In the first chapter of the novel, the nature of the father-son relationship between Jazz and his father, Billy Dent, remains unclear. Without explicitly revealing that Billy is a serial killer, the author drops clues that suggest that Billy Dent is not a typical father. For example, that Billy would give Jazz three sets of binoculars and, for some reason, that Jazz has an aversion to thinking why he was gifted three sets of binoculars.
“Jazz had been seeing those for as long as he could remember, thanks to Dear Old Dad. For Dear Old Dad, Take Your Son to Work Day was year-round. Jazz had witnessed crime scenes the way cops wished they could— from the criminal’s point of view.”
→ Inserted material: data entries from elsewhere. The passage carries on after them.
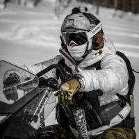 cold weather. They are sitting on a motorcycle, equipped with gear that suggests they may be prepared for action or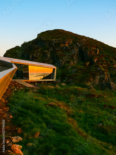 coast, viewpoint, rest, viewing, point, lookout, parking, area, place, architecture, privies, site, norge, norge, lofoten, holiday, trip, travel, attraction, journey, mirror, architectural, glasses, reflect, midnight sun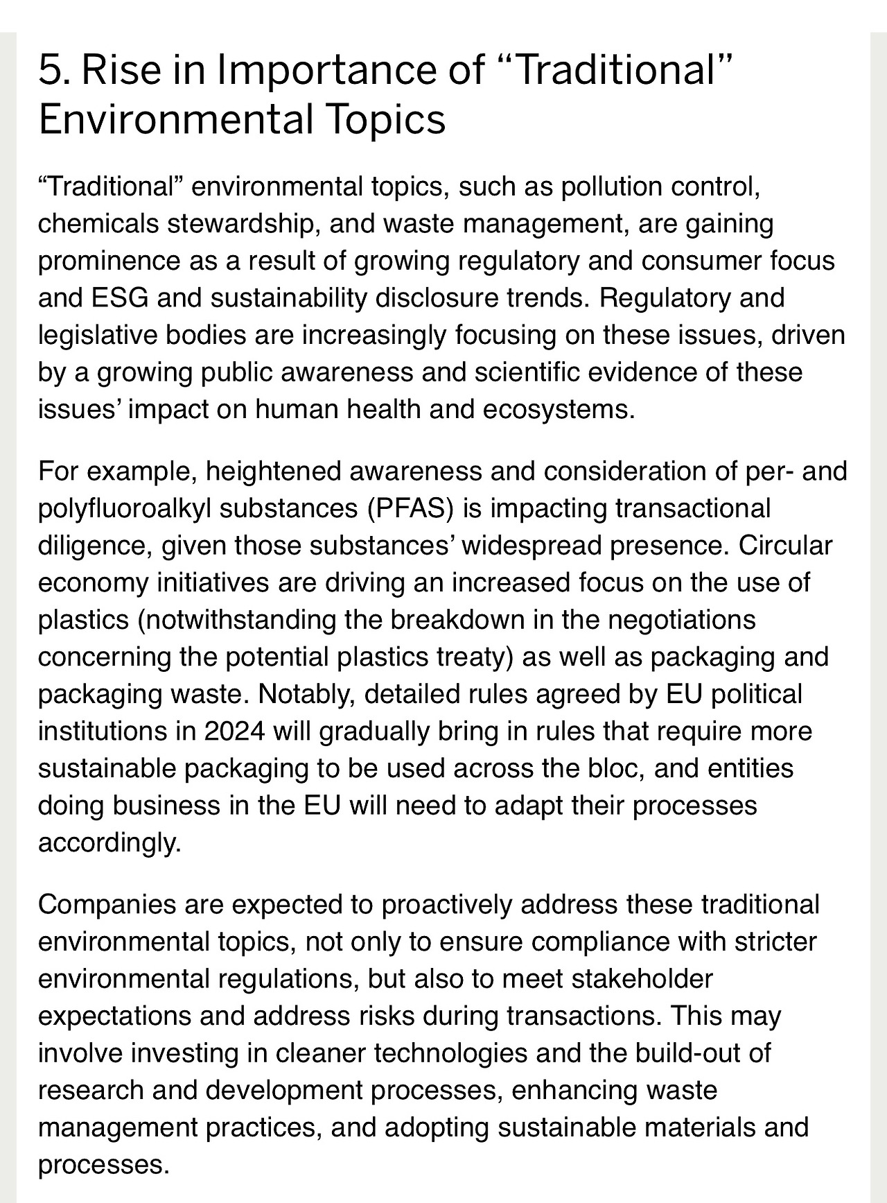 • 폐기물 및 화학물질 관리 강화: 환경 규제 및 소비자 인식 변화로 인해 오염 관리, 화학물질 규제(PFAS), 폐기물 관리가 더욱 중요해짐.
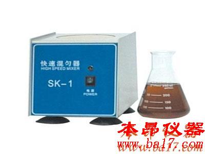 SK-1快速混勻器主要依靠裝液容器與旋轉盤的平穩接觸,使容器內的溶液快速混勻,混勻速度由人為施加的壓力大小調節。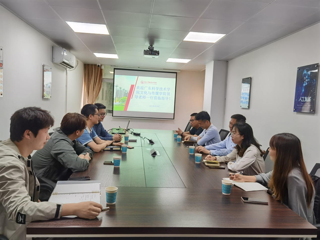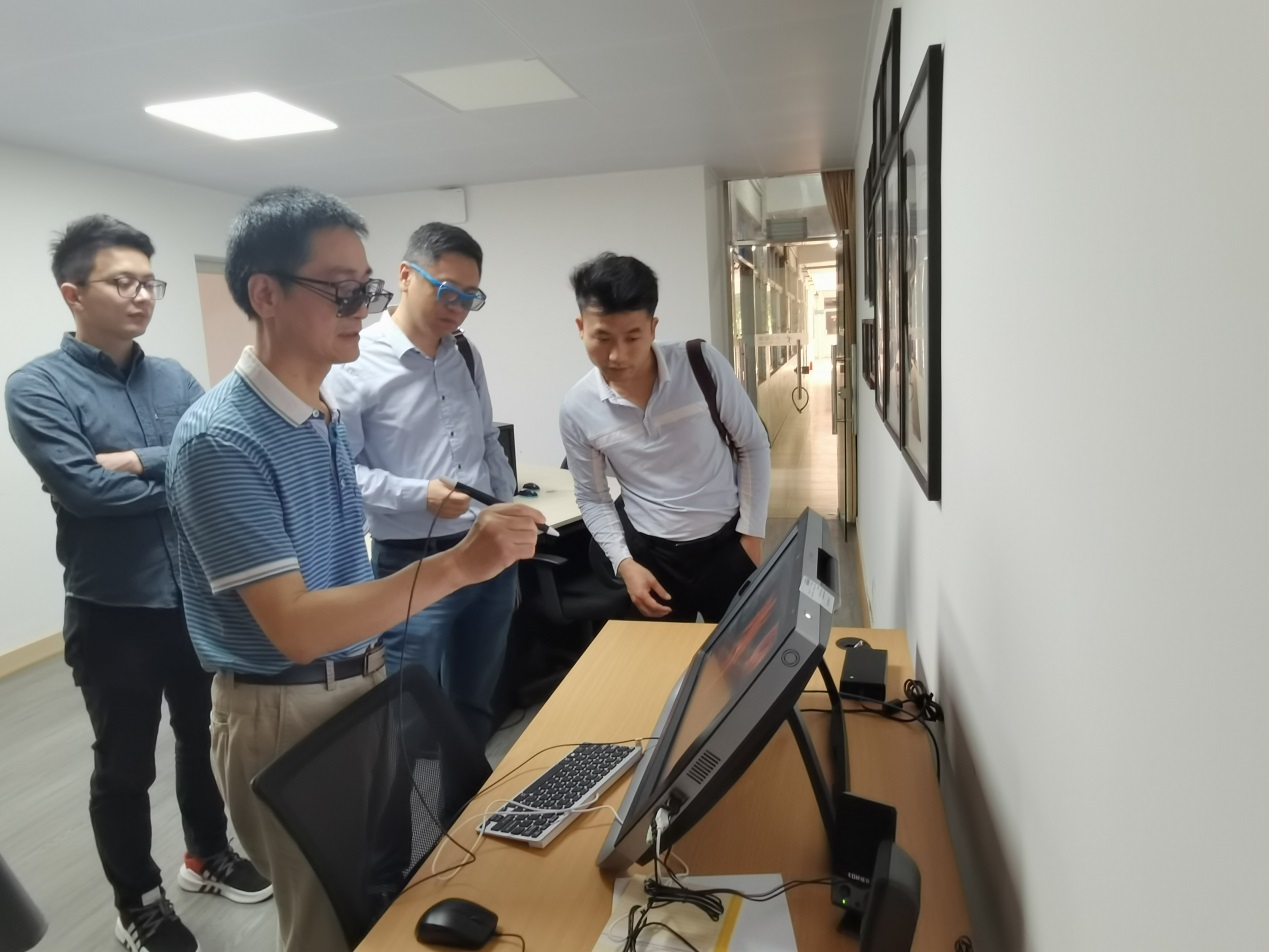 3月19日上午,广东科学技术职业学院文化与传媒学院向阳副院长一行五人来新葡的京官网基于VR/AR的工程素质教育虚拟仿真实训中心进行考察,就虚拟现实实训中心建设、虚拟现实技术在专业教学中的应用等进行了经验交流。计算机与信息工程学院院长余棉水,虚拟现实与数字媒体系主任周宇、骨干教师张坡、张宇辰等参加了交流。

With a serial killer for a father, Jazz has been exposed to crime scenes and all that goes along with them from a very young age: dead bodies, weapons, blood, and gore. For Jazz, his father often killed victims in their home, which is why Jazz calls “Take Your Son to Work Day” as a “year-round” occurrence. Jazz refers to his father sarcastically as “Dear Old Dad,” drawing attention to how his dad was not the stereotypical, all-American example of a father.
“Jazz was afraid of two things in the world, and two things only. One of them was that people thought that his upbringing meant that he was cursed by nature, nurture, and predestination to be a serial killer like his father. The second thing…was that they were right.”
In Chapter 2, Jazz introduces one of the central questions of the book: Will he turn out like his father? This quotation lays bare Jazz’s biggest fears that the people of Lobo’s Nod think he is fated to become a serial killer. Although he does his best to suppress any sort of violent compulsion, Jazz does have some urges that he cannot seem to control.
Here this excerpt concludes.